To enable the following instructions: AVX2 FMA, in other operations, rebuild TensorFlow with the appropriate compiler flags.


In [8]:
## show available modules

# evaluate.list_evaluation_modules()

# select
evaluate.list_evaluation_modules(include_community=False, with_details=True)

[]

### A. Load

In [6]:
## loading

acc = evaluate.load("accuracy")

In [11]:
## print the description

# one can show the doc of this method:
# print(acc.__doc__)
# Or by calling the members, one can show the doc as well 

print(acc.description)


Accuracy is the proportion of correct predictions among the total number of cases processed. It can be computed with:
Accuracy = (TP + TN) / (TP + TN + FP + FN)
 Where:
TP: True positive
TN: True negative
FP: False positive
FN: False negative



In [10]:
## print the usage

print(acc.inputs_description)


Args:
    predictions (`list` of `int`): Predicted labels.
    references (`list` of `int`): Ground truth labels.
    normalize (`boolean`): If set to False, returns the number of correctly classified samples. Otherwise, returns the fraction of correctly classified samples. Defaults to True.
    sample_weight (`list` of `float`): Sample weights Defaults to None.

Returns:
    accuracy (`float` or `int`): Accuracy score. Minimum possible value is 0. Maximum possible value is 1.0, or the number of examples input, if `normalize` is set to `True`.. A higher score means higher accuracy.

Examples:

    Example 1-A simple example
        >>> accuracy_metric = evaluate.load("accuracy")
        >>> results = accuracy_metric.compute(references=[0, 1, 2, 0, 1, 2], predictions=[0, 1, 1, 2, 1, 0])
        >>> print(results)
        {'accuracy': 0.5}

    Example 2-The same as Example 1, except with `normalize` set to `False`.
        >>> accuracy_metric = evaluate.load("accuracy")
        >>> res

### B. Use case

In [14]:
## for pairs of comparisons

acc = evaluate.load("accuracy")
ref = [0, 1, 2, 0, 1, 2]
pre = [0, 1, 1, 2, 1, 0]

for r, p in zip(ref, pre) :
    acc.add(reference=r, prediction=p)

print(acc.compute())

{'accuracy': 0.5}


In [15]:
## batched results

acc = evaluate.load("accuracy")
refs = [[0, 1, 2, 0, 1, 2], [0, 1, 2, 0, 1, 2]]
pres = [[0, 1, 1, 2, 1, 0], [0, 1, 1, 2, 1, 0]]

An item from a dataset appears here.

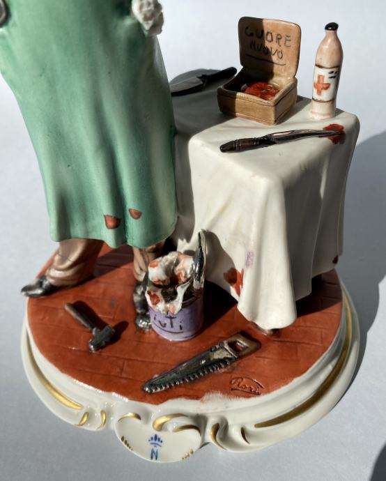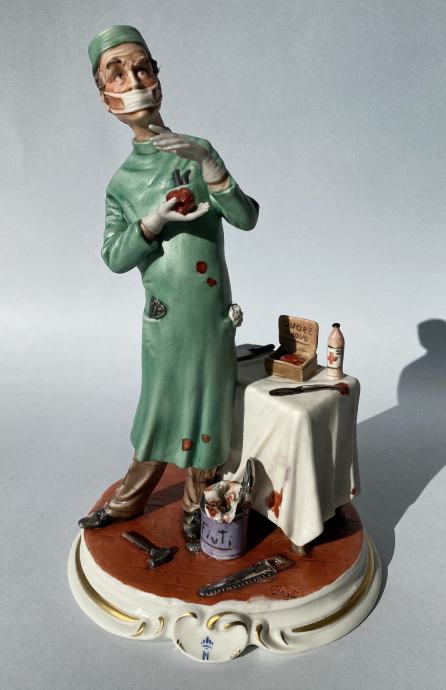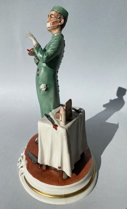 Capodimonte "Kirurg" figurica izrađena je do najsitnijeg detalja i prikazuje doktora, kirurga u njegovom radnom okruženju na malo satiričan način.

for r, p in zip(refs, pres) :
    acc.add_batch(references=r, predictions=p)

print(acc.compute())

# notes: function "add" accepts either "reference" and "references" as vairiable name
# but not "add_batch".

{'accuracy': 0.5}


In [16]:
## combine several criteria

metrics = evaluate.combine(["accuracy", "recall", "f1", "precision"])

In [17]:
ref = [0, 1, 1, 0, 1, 1]
pre = [0, 1, 1, 1, 1, 0]
metrics.compute(references=ref, predictions=pre)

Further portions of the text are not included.